QueueReader is the interface for the client to read data from the queue
QueueWriter is the interface for the client app to add data to the queue. There are several queue implementations
Each QueueWriterImplementations has additional methods to get the size, check if the queue is full or empty, reset the size, get stats, remove a single item, add metrics and shutdown.
The writers can be in memory or in disk writers.
A PersistentQueue is one which has one reader and many writers. The writers write to memory but when they overflow they right to disk.

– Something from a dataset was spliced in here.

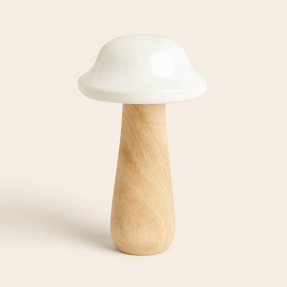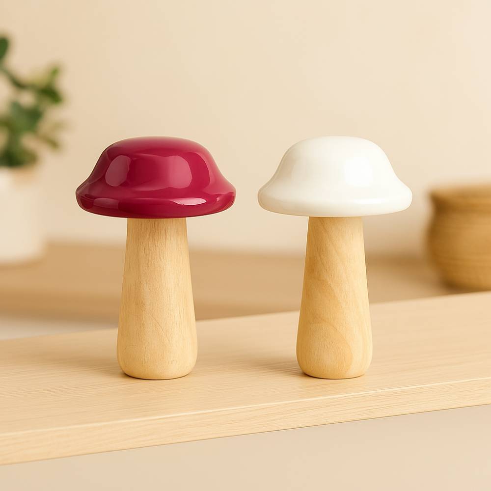 Pequeña pero llena de encanto, esta seta decorativa blanca es el detalle perfecto para dar un aire natural y acogedor a cualquier rincón. Su pie de madera maciza transmite calidez y autenticidad, mientras que el sombrero de cerámica en blanco puro aporta luminosidad y un toque elegante. Ideal para decorar estanterías, mesas auxiliares o rincones especiales, su diseño minimalista combina a la perfección con estilos nórdicos, rústicos o contemporáneos. Una pieza que parece salida de un bosque encantado para traer serenidad y belleza a tu hogar.

A ProducerConsumerQueue has in memory writers by name, persistent writers by name, list of all writers, the next provider to be polled for data, a mutex protecting condition, and a queue not empty condition.
 With the PipelineData,we mentioned earlier that each thread can have its exlusive CowPipelineData though underlying they may share the same PipelineData.
Moreover, we mentioned that the PipelineData uses notion of RawStoragePool and RawStorageReference but these are not suitable for porting because we don't manage memory in .Net.
Anytime the underlying data is modified, we do something like this in the forwarder:
PipelineData *x  = pData.getWriter()
x->put(...)
Together this shows that we can use .Net collection but retain the semantics of a queue reader and writer in SplunkLite.Net.
Search is one of the biggest operations and we will deal with that soon.